Questions about Folk music
Short answers, pulled from the story.
What is folk music and how is it defined?
Folk music is a genre that includes traditional folk music and the contemporary genre that evolved from it during the 20th-century folk revival. Traditional folk music has been defined as music transmitted orally, music with unknown composers, music tied to cultural or national identity, and music performed by custom over many generations. One widely used definition is simply that folk music is what the people sing.
Where does the word folk music come from?

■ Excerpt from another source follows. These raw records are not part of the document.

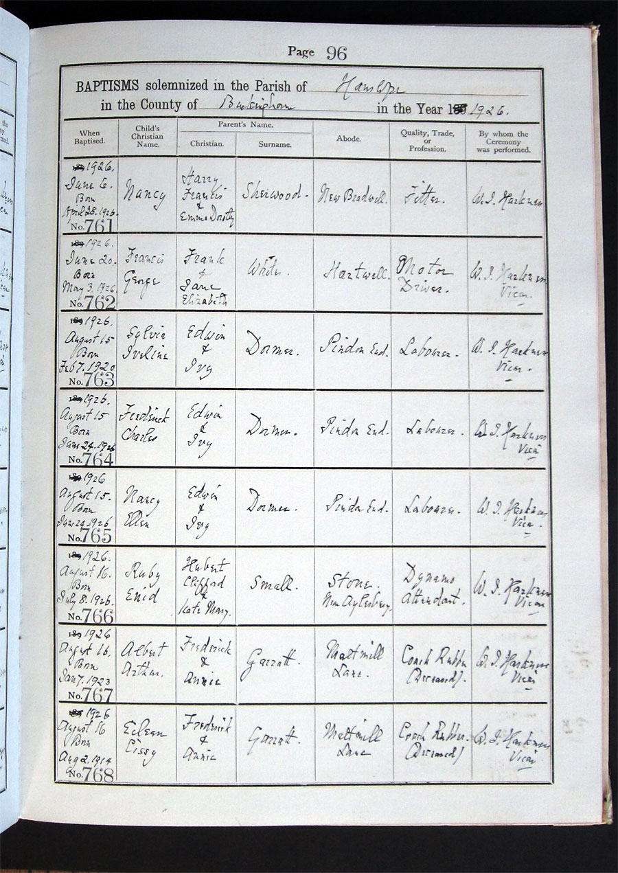 | Below is a transcription and image of page 96 of the Baptism register for 1893-1928 of St. James The Great, Hanslope |
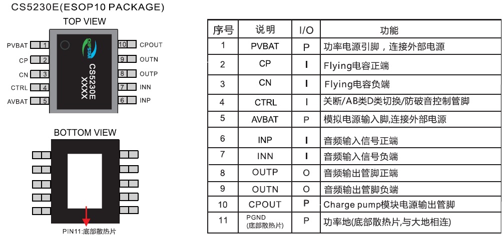 CS5230E提供了ESOP10的封裝類型,其額定的工作溫度 范圍為-40℃至85℃。
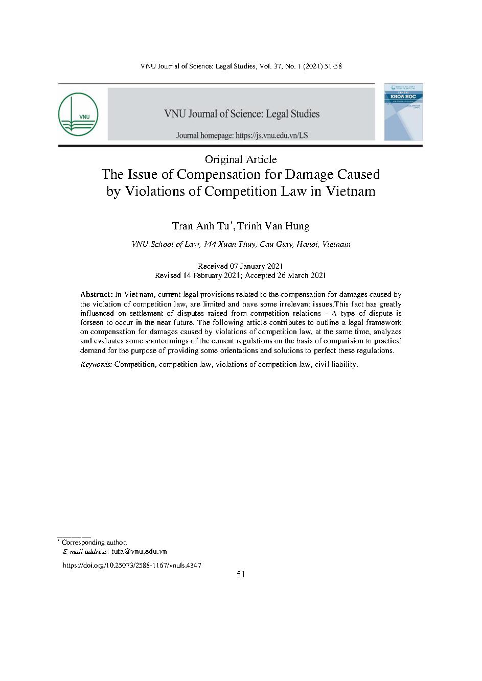Bồi thường thiệt hại do hành vi vi phạm pháp luật cạnh tranh gây ra tại Việt Nam = The issue of compensation for damage caused by violations of competition law in Vietnam
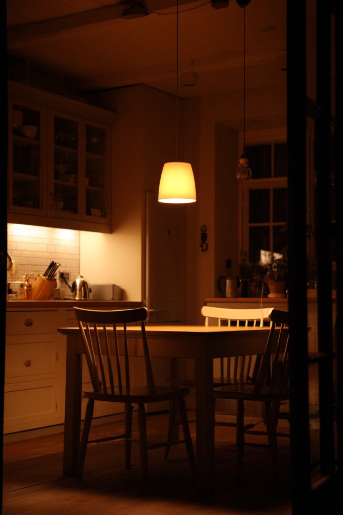 Harsh, cool lighting can kill the cozy, earthy vibe you’re aiming for. Eco-friendly lighting options that emit warm, soft glows transform your kitchen into a welcoming sanctuary. They’re better for the environment and your mood, creating a space you’ll want to linger in. If you crave ambiance and sustainability, this idea is a win.
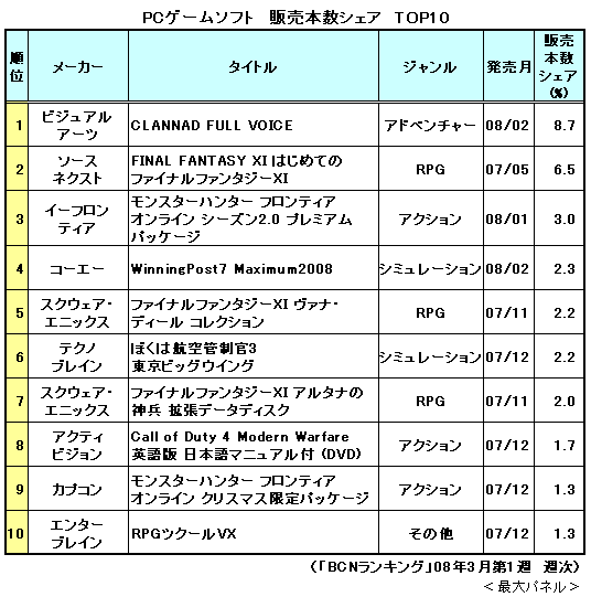 ビジュアルアーツのPCゲーム「CLANNAD(クラナド) FULL VOICE」が、3月第1週(3月3日-9日)のPCゲームランキングでトップに立った。「CLANNAD FULL VOICE」はパッケージに可愛い女の子たちが描かれた、いわゆる萌え系ゲーム。「CLANNAD FULL VOICE」を含めた最新の人気PCゲームを「BCNランキング」でチェックした。
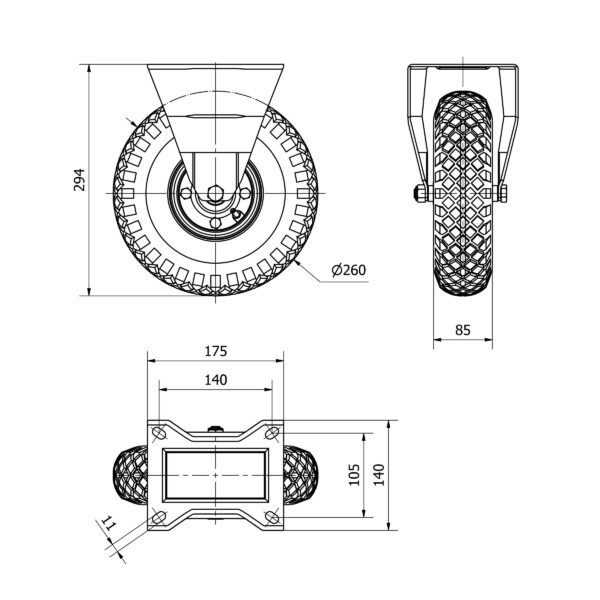 Rueda neumatica fija Alex diametro 260 mm. modelo 4-1634
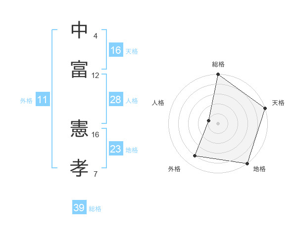 中富 憲孝さんの天格は16画の5点!
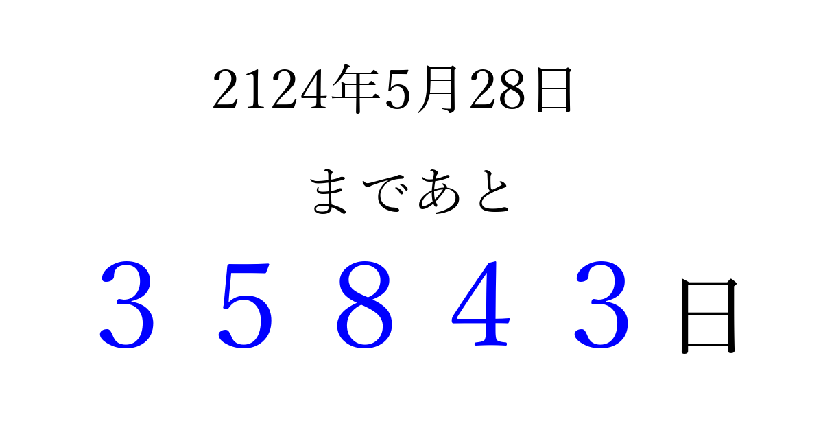 2124年5月28日(日)まで あと 99999 日です 追加すると、トップページからすぐ選べるようになります ※2026/04/09現在の結果です。 最新の状態に更新する ↓シェアして、タイムライン上にカウントダウンを表示しよう!↓ 📤 この結果を共有する Tweet シェア Threads Bluesky 別の日付でカウントダウン 2124年5月のカレンダー このページをブックマークに追加すると、いつでもカウントダウンを確認できます。 (PC: Ctrl+D / Mac: ⌘+D) hitome-notes.comでは以下のページも運営しています。 指定日と期間から日付を計算 | ガチャ確率計算・シミュレーション | プライバシー・ポリシー 運営者:Avocado
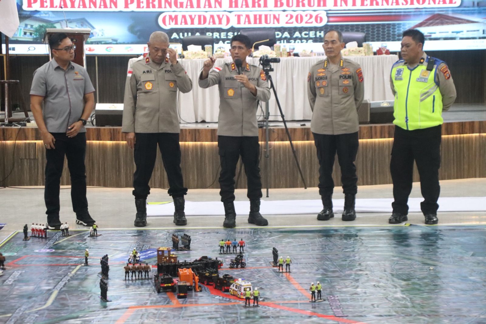 Kabid Humas Polda Aceh, Kombes Pol. Joko Krisdiyanto, S.I.K., menyampaikan bahwa kegiatan ini merupakan bagian dari langkah strategis Polda Aceh dalam mengantisipasi potensi gangguan keamanan dan ketertiban masyarakat (kamtibmas) yang mungkin terjadi saat peringatan May Day 2026.
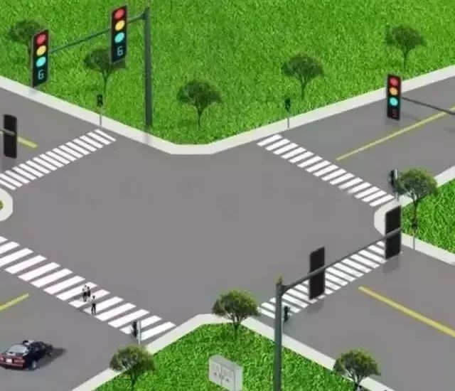 大多数路口每个方向都设有信号灯,正前方看不到时,可看其他灯组,比如看路口侧面位置垂直方向的信号灯、人行横道灯,来辅助判断当前行驶方向的信号灯状况。
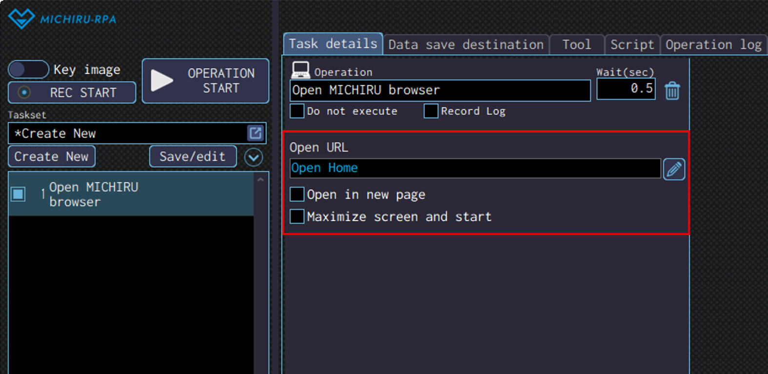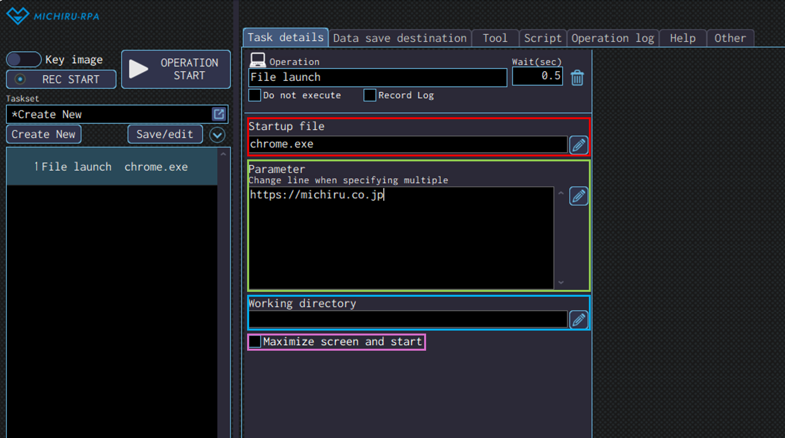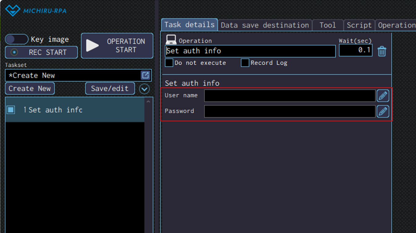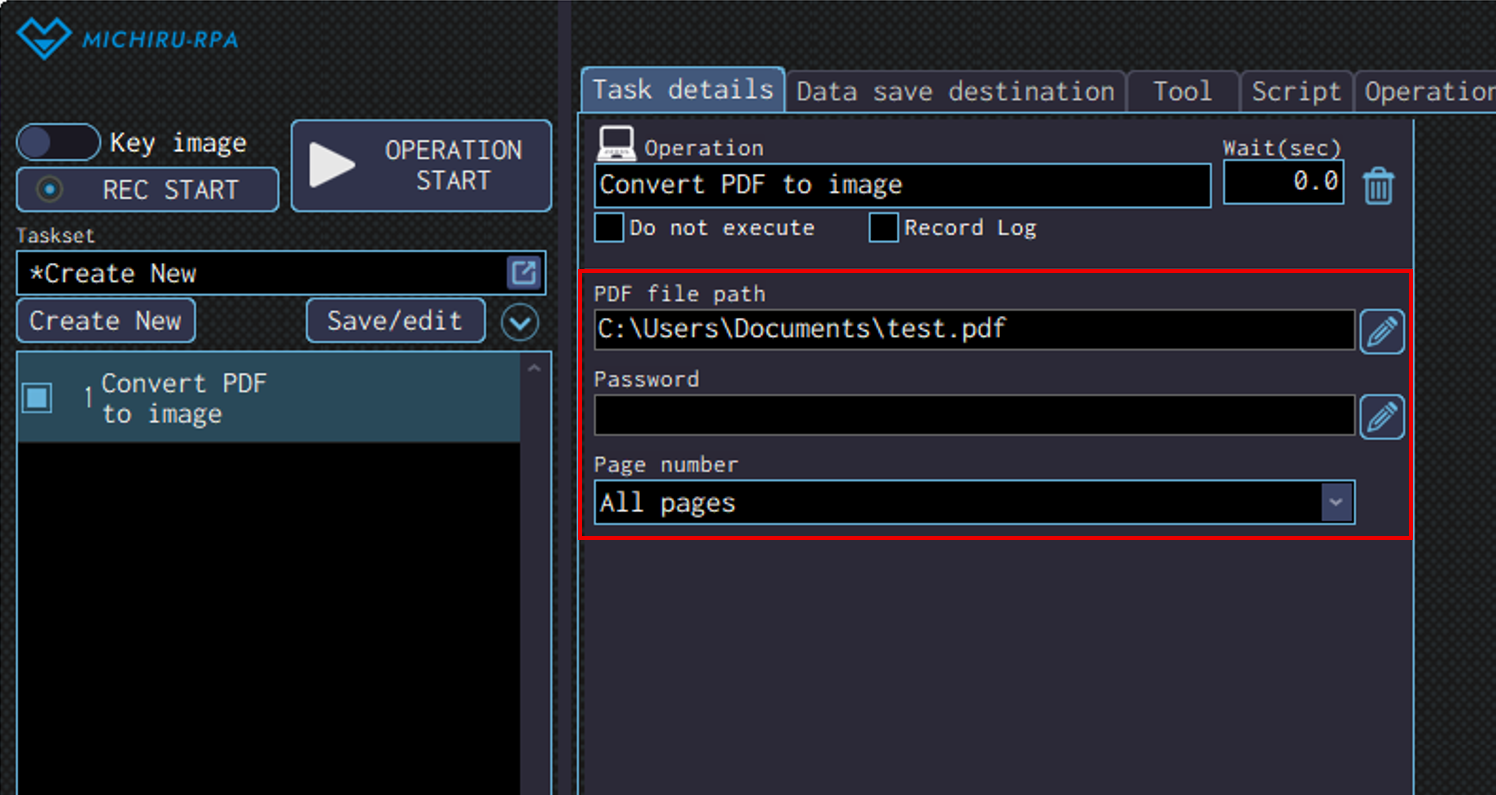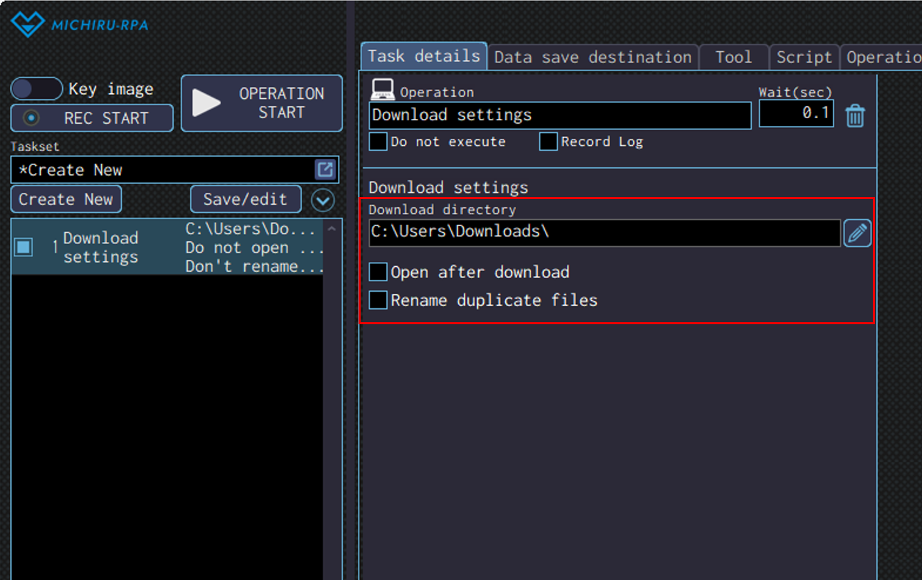 Detailed settings for each operation are to be done in the extension screen. For more information regarding commons settings across all operations, such as various settings in the targeted screen operation, how to specify points of operations, please refer to ‘MICHIRU RPA Mechanism and Detailed Settings‘.
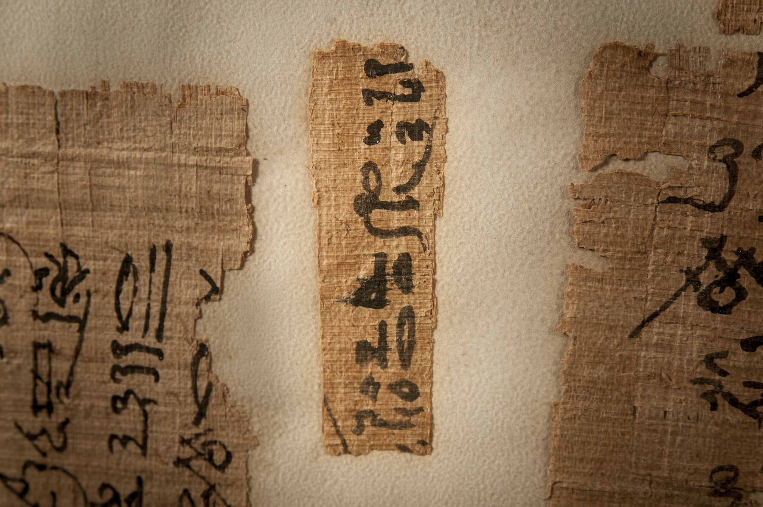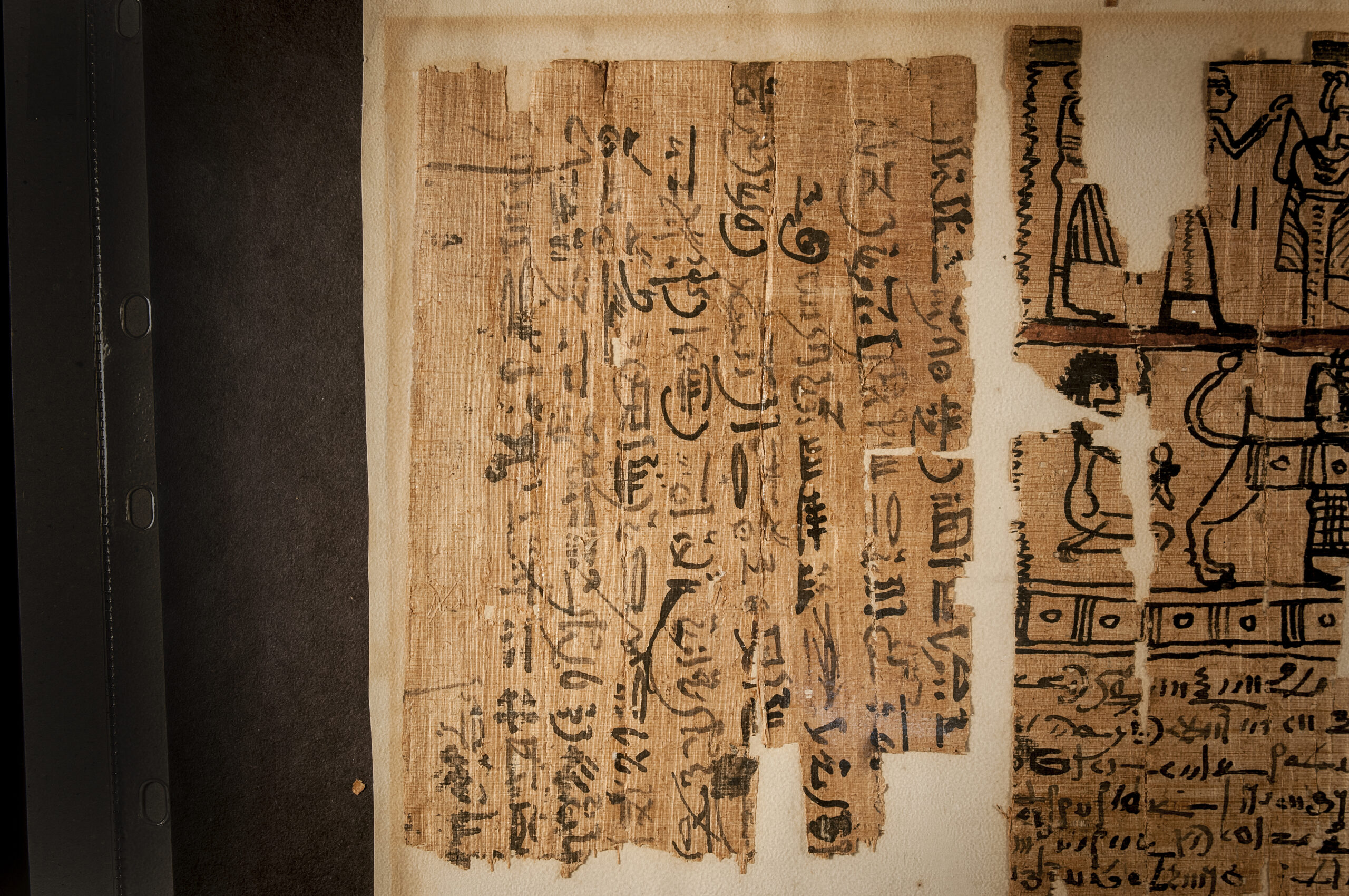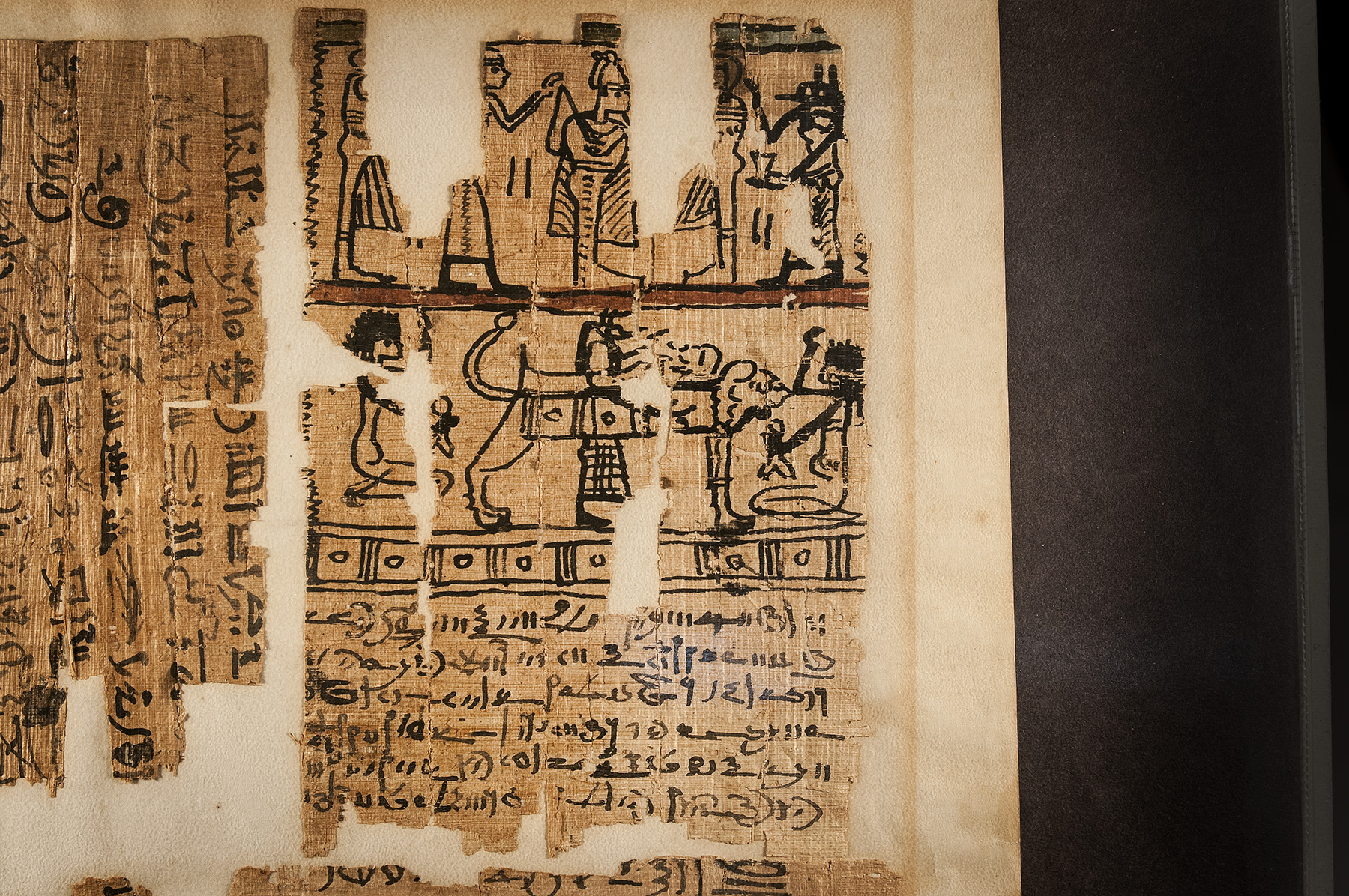 Featured here are several papyrus fragments of the Egyptian Book of the Dead from Egypt’s Ptolemaic Era (305 – 30 BCE). Examining Egyptian art during these 300 years reveals strong continuities in its traditions but also interactions with Greek art, whose forms and styles swept the world with Alexander’s armies. The encounter of the two cultures had many aspects and phases, and is easiest to comprehend by looking first at the new ruling class, its involvements and concerns, and then at religion and the arts in the greater land of Egypt.
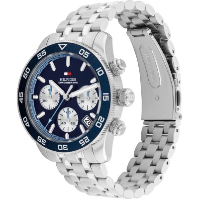 Cette montre Tommy Hilfiger a un boîtier Inox 41 mm en diamètre et est équipée d'un bracelet Inox. Le boîtier contient un mouvement Seiko Instruments Inc. et la montre est dotée d'un cristal Minéral..

The term folk music extends from folklore, a word coined in 1846 by the English antiquarian William Thoms to describe the traditions, customs, and superstitions of the uncultured classes. It further derives from the German word Volk, meaning the people as a whole, which Johann Gottfried Herder and the German Romantics applied to popular and national music.
What is the folk process in folk music?
The folk process is the way oral transmission reshapes a song over time, since word of mouth cannot reproduce a song with note-for-note accuracy. The Barbara Allen ballad survives in countless differing versions across the English-speaking world, with no known original. Cecil Sharp believed these variants improved over time as singers passed on only the most appealing versions.
Who collected and preserved traditional folk music?
Krišjānis Barons published the texts of 217,996 Latvian folk songs between 1894 and 1915, stored in the Cabinet of Folksongs in Riga. Francis James Child gathered over three hundred English and Scots ballads in the late 19th century, and John Lomax published Cowboy Songs and Other Frontier Ballads in 1911. Cecil Sharp recorded Appalachian songs between 1916 and 1918.
How did the American folk music revival become a social movement?
During the 1930s, the study of folk music grew enmeshed with political and social activism, often tied to the Great Depression. President Franklin Roosevelt hosted folk concerts at the White House, the U.S. Communist Party saw folk music as a way to reach Americans, and Woody Guthrie embodied songwriters with that outlook. Three schools emerged: traditionalists, functional folklorists, and left-wing revivalists.
What does folk music sound like around the world?
Folk traditions vary widely by region. Chinese folk music dates back 7000 years and is largely based on the pentatonic scale, Sri Lanka expresses its traditions through drum-driven dances like the peacock dance, Australia developed bush ballads such as Waltzing Matilda, and Latin America produced the politically charged Nueva canción movement that first surfaced in the 1960s in Chile.